8. Be mindful of your behavior. You wouldn't behave the same way in the office as you would in less professional settings. Always be on your best professional behavior.

9. Show respect to those around you. Be a good listener and don't interrupt. Don't talk about others behind their backs or use foul language.

10. Don't be a whiner. No one wants to be around someone who complains all the time. You won't be seen as a team player and your employer is less likely to promote you or give you key projects because of your negativity.

11. Avoid an office romance. It's distracting to you and those around you.

12. Always answer your phone on the second or third ring. Be pleasant to the other party. Never leave anyone on hold for long periods of time without permission.

BUSINESS CARDS AND BUSINESS ETIQUETTES
Complying with popular etiquettes that are prevalent in the region where one is working plays an important role in determining the success level of a person's commercial endeavour. People around the world follow certain etiquettes relating to big business issues and even issues as small as designing a business card. Following customary decorum for smallest details in a business matters pave ways to success. An act of designing business cards according to prevalent protocol in the region leaves a lasting impression on the recipient of the card. Business card is the first introduction about a person himself and his business. Paying due attention on the presentation and design of business card can never be over emphasized. Great art and excellent skill is required to design an eye-catching business card that would fetch great commercial opportunities.

Being familiar with business etiquette around the world makes it easy for a person to feel at home and be confident in his business dealings even on foreign land. The process starts from knowing and practising popular etiquette of business card design. Different parts of world have varying rules about visiting card etiquette. What may be highly desirable in one region might be least significant in other areas. But one needs to know about the popular convention before one could follow it. Some general rules are commonly accepted worldwide.

Business cards internationally are a means of representing one's business contact details. Though good business etiquette promotes business opportunities it is not the only deciding factor in a business relation.

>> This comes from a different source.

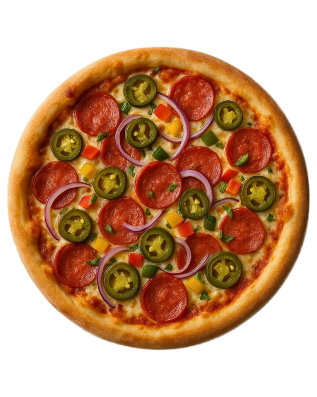 Tomatensauce, Knoblauchpürree, Zwiebeln, Peperonisalami23, Paprika, Jalapeños, Gouda

While a person is travelling to different parts of the world, having the opposite side of the business card translated to the native language of the region speaks volumes about his concern for business dealings in that area. Business cards could be exchanged at the beginning or at the end of any commercial meeting. When receiving a visiting card of the person one is expected to comment on it and also clarify any curiosity relating to it before putting the card away.

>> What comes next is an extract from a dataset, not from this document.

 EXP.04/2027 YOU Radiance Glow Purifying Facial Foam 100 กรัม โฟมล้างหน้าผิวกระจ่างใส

About different specific etiquettes prevalent in various parts of the world, UK has very relaxed rules for business cards. Though such cards are expected to be clean and presentable it is not compulsory to hand over business cards to every person you meet in the UK.

On the contrary the Japanese think that business cards are very important, hence high quality cards are desirable here. Business cards should be accepted as courteously as one would receive a person. The card must contain the title of the person as great importance is given to status and hierarchy in Japan. It can be handed over by one hand but should always be received with two hands.

In China having Chinese characters on the business card printed in gold is considered a good etiquette, as gold is a fortunate colour. Translating the card should be done in suitable Chinese language, Cantonese or Mandarin. Favourable points about your company, like if it is the largest or oldest must be specifically mentioned on the card also while offering it the card it must be held by both hands. Scribbling on someone else's card is indeed a resentful act.